- [Aim of the exercise] Exactly as written, set down the lines from the top of the entries through the line bearing "最后我们得到了整个CMRC 2018数据", with every picture left out.

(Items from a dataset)
----------

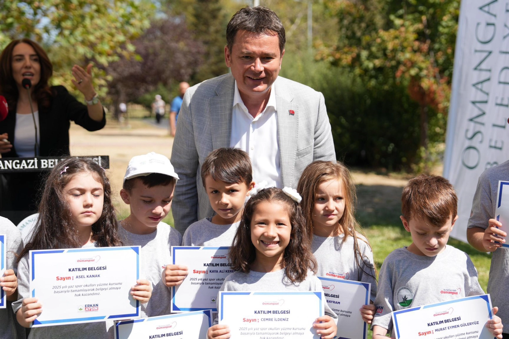 Çocukların yaz tatilini hem verimli hem de eğlenceli geçirmeleri için hazırlanan kursların sonunda Yeni Karaman Yarı Olimpik Yüzme Havuzu'nda sertifika töreni düzenlendi. Törene; Osmangazi Belediye Başkanı Erkan Aydın, belediye başkan yardımcıları, belediye meclis üyeleri ve Osmangazi Belediyespor Kulübü Yönetim Kurulu Başkanı Fatih Karayılan katıldı.
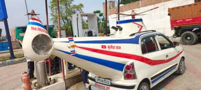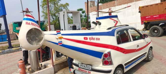 सुहवल पेट्रोल पंप पर खड़ी मॉडिफाइड हेलीकॉप्टर कार। संवाद
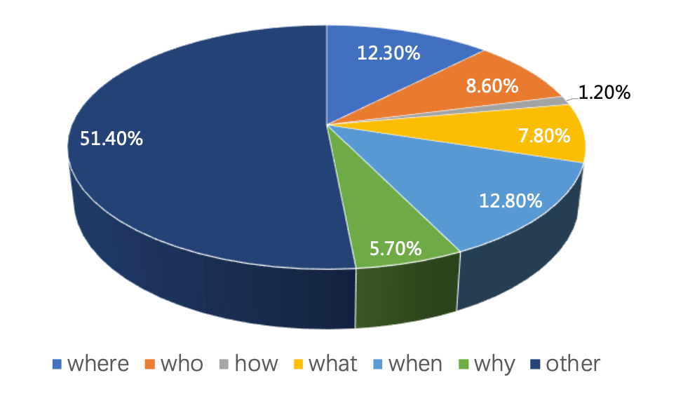 最后我们得到了整个CMRC 2018数据集,其综合统计数据以及开发集中的问题分布如下所示。
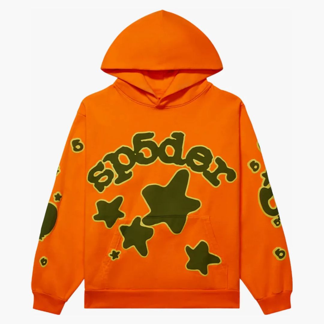 The SP5der Beluga Hoodie Orange is more than just a hoodie-it is a tribute to iconic streetwear design. Holded in a lively orange tone, the hoodie is highlighted on the chest by the marked lettering of the brand. The color composition made of hunting green and bright yellow gives the design a special charm. Under the name there are five different sizes that bring additional details into play. A practical kangaroo bag design on the front offers functionality. The sleeves are also stylishly provided with smaller 5-series and stars to create a consistent design concept. This statement piece, which was launched on December 6, 2023, bravely stands out from the crowd and combines bold aesthetics with an urban source of inspiration.Authenticity Guaranteed
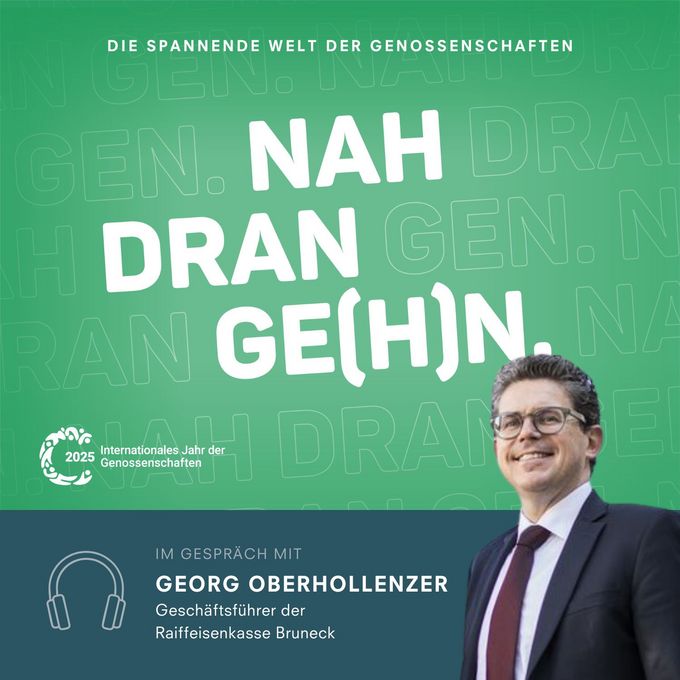 Zum Internationalen Jahr der Genossenschaften veröffentlicht der Raiffeisenverband Südtirol die Podcast-Serie „Nah.dran.ge(h)n“. In Folge #13 ist Georg Oberhollenzer zu Gast, der Direktor der Raiffeisenkasse Bruneck
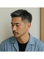短めに整えたトップとフェードの効いたサイドが爽やかなショートスタイル。前髪は横に流し、清潔感と大人の落ち着きを演出。
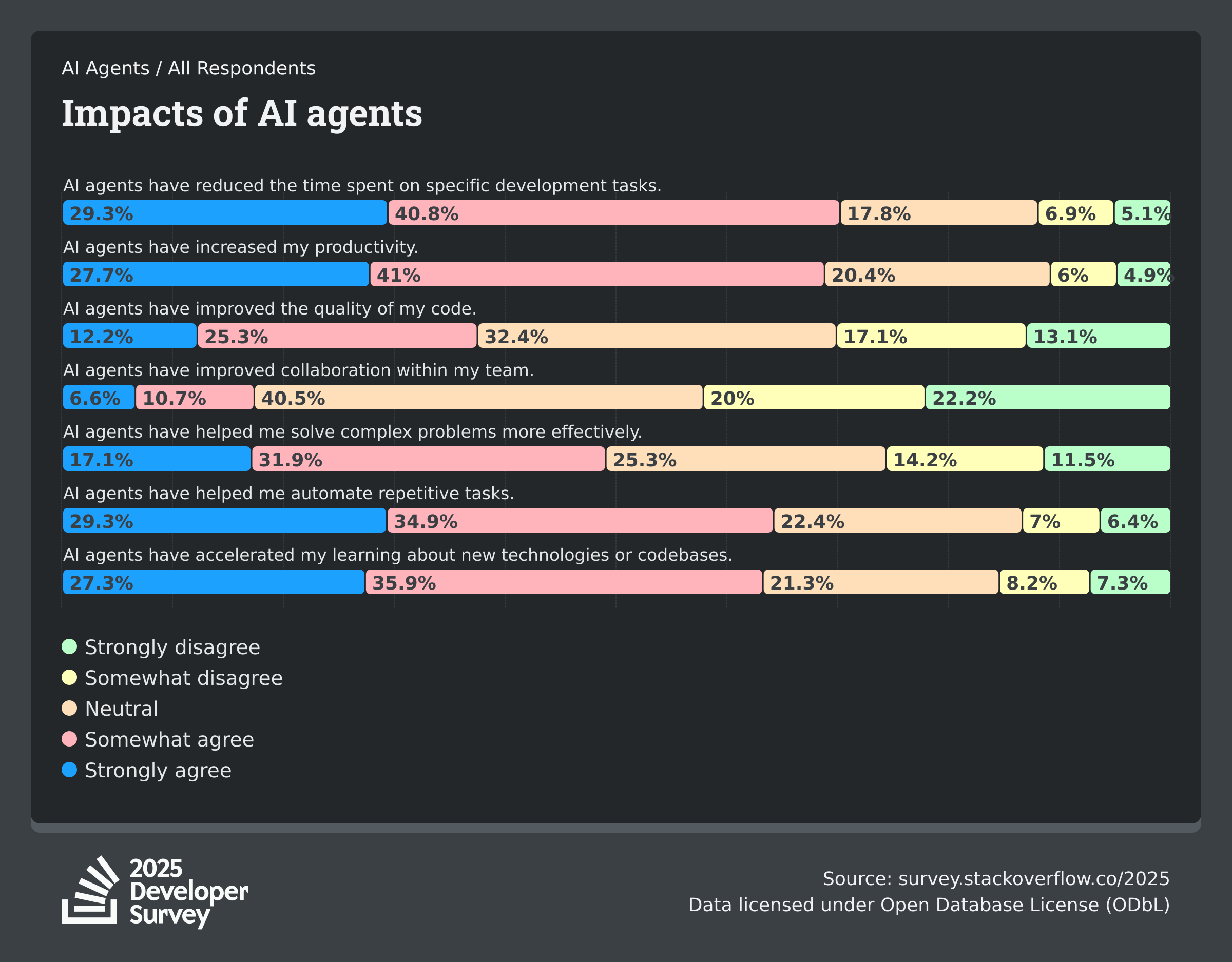 Průzkum Stack Overflow Developer Survey 2025 mezi desítkami tisíc vývojářů z celého světa (přes 49 tisíc vývojářů ze 177 zemí) ukazuje jednoznačný trend – AI se stala běžnou součástí vývoje softwaru, ale zároveň přináší nové výzvy. Respondenti odpovídali na otázky týkající se každodenního workflow, návyků, důvěry v AI výstupy, využívání agentů a toho, jak generativní nástroje mění jejich práci.
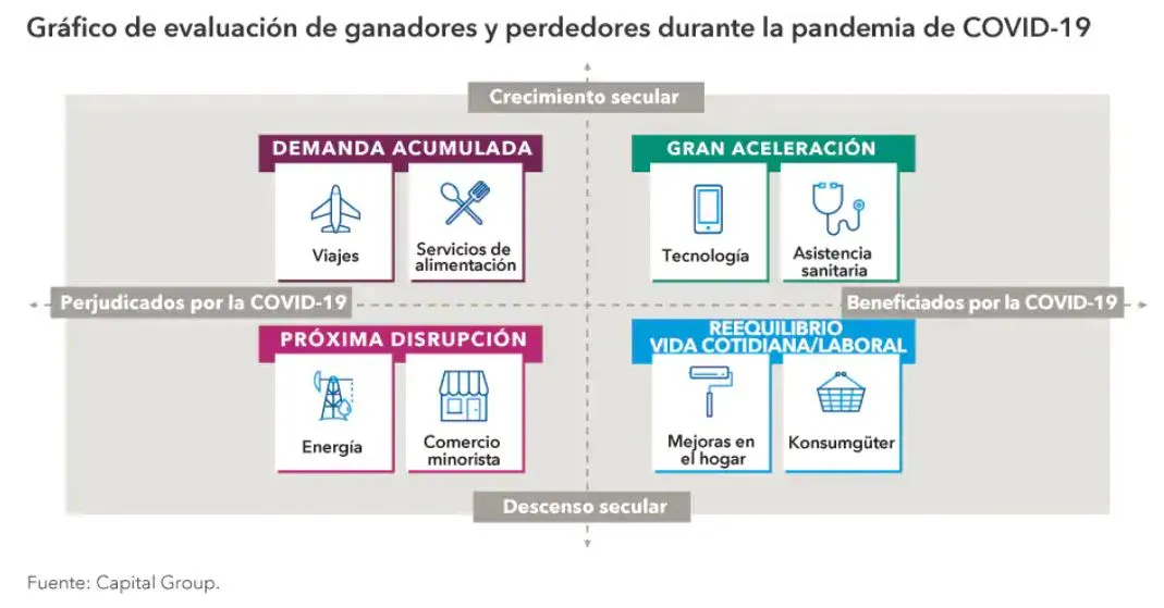 En opinión de Jared Franz, economista de Capital Group: «Tras la pandemia, la economía tendrá un aspecto muy distinto al que tenía en febrero de 2020. Será más eficiente y dinámica, pero dejará ganadores y perdedores. Nuestro papel como inversores activos es identificarlos; encontrar las compañías en crecimiento que no solo se han beneficiado gracias a la pandemia, sino que también tienen el potencial de seguir generando un crecimiento sólido en el mundo que nos espera tras la pandemia».
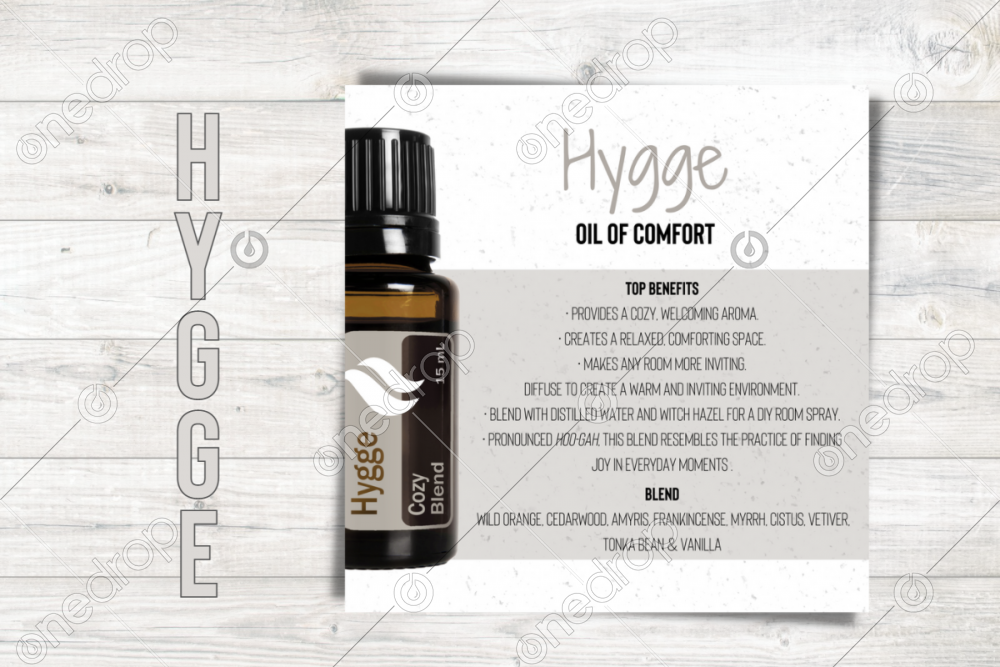 Square infographic with benefits & usage tips of Hygge Essential Oil Blend.
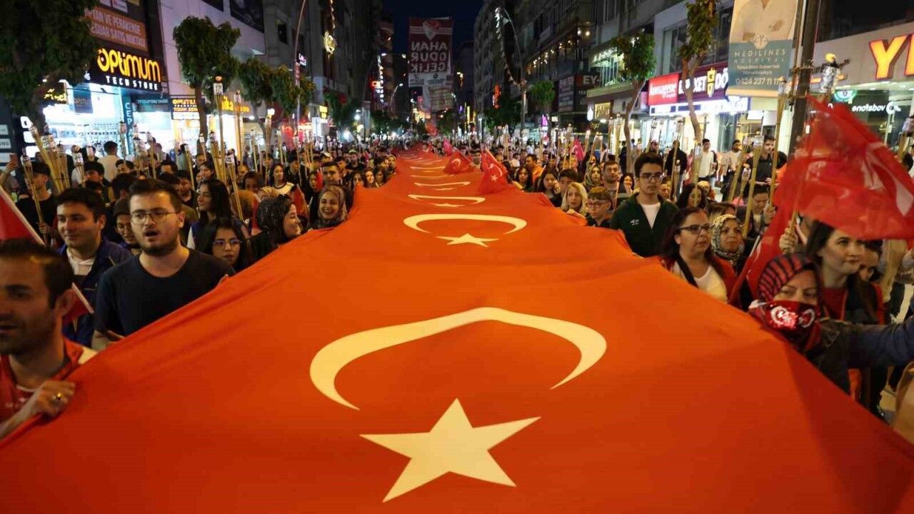 Elazığ’da 19 Mayıs Atatürk’ü Anma, Gençlik ve Spor Bayramı’nın 106. yıl dönümü fener alayı yürüyüşüyle kutlandı.
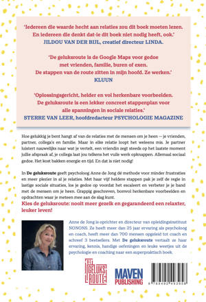 In De geluksroute geeft psycholoog Anne de Jong dé methode voor minder frustraties en meer plezier in al je relaties. Met haar vijf heldere stappen pak je zelf de regie in lastige sociale situaties, los je gedoe op voordat het escaleert en verbeter je je band met de mensen om je heen. Grappig geschreven, bomvol herkenbare voorbeelden en opdrachten waar je meteen mee aan de slag kunt.
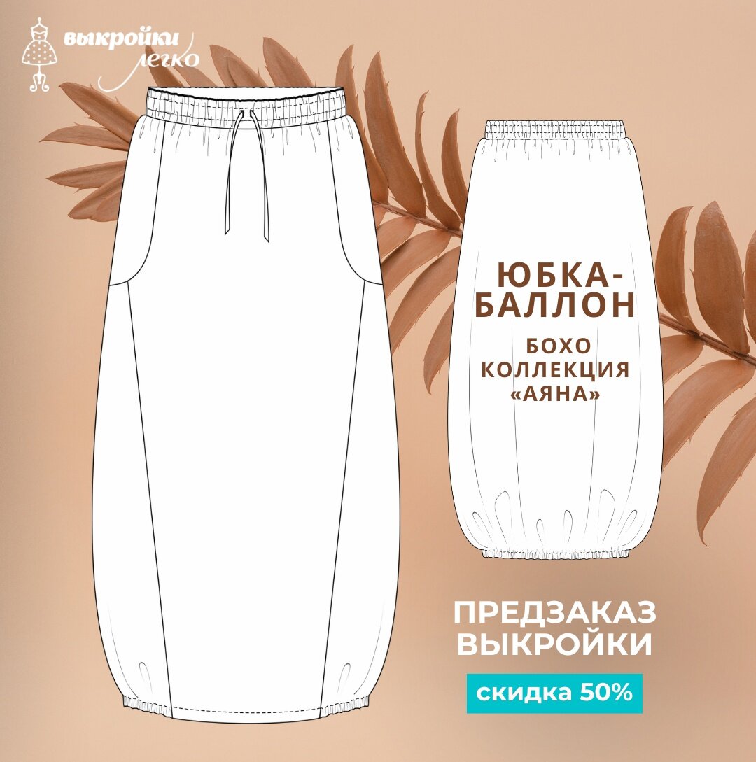 Это последняя модель из коллекции, посвященной бохо-стилю. Свободная юбка на поясе-резинке и необычно сформированным низом — с резинками по бокам, формирующими силуэт «баллон» или «кокон». Модель всесезонная. Сшейте юбку сейчас — на лето, из хлопка, льна, тонкой джинсовой ткани. А осенью раскроите её повторно из шерстяной, полушерстяной тканей, футера. Описание модели: Юбка женская силуэта «баллон», с поясом-резинкой, рельефными швами и карманами. На переднем полотнище юбки выполнены рельефные швы с карманами. Заднее полотнище без вытачек. Верхний срез юбки обработан притачным поясом с эластичной лентой (резинкой) и кулиской со шнурком. Нижний срез обработан закрытым швом вподгибку и частично обработан эластичной лентой, формирующей силуэт юбки. Длина изделия миди. Размеры выкроек - с 36 по 64, рост 152-170. Сейчас эта модель доступна по предзаказу с максимальной скидкой 50%. Лекала, фотографии, подробное описание выкройки и фото мастер-класс по пошиву появятся в день выхода выкройки.

----------

- [Response box]
 Çocukların yaz tatilini hem verimli hem de eğlenceli geçirmeleri için hazırlanan kursların sonunda Yeni Karaman Yarı Olimpik Yüzme Havuzu'nda sertifika töreni düzenlendi. Törene; Osmangazi Belediye Başkanı Erkan Aydın, belediye başkan yardımcıları, belediye meclis üyeleri ve Osmangazi Belediyespor Kulübü Yönetim Kurulu Başkanı Fatih Karayılan katıldı.
 सुहवल पेट्रोल पंप पर खड़ी मॉडिफाइड हेलीकॉप्टर कार। संवाद
 最后我们得到了整个CMRC 2018数据集,其综合统计数据以及开发集中的问题分布如下所示。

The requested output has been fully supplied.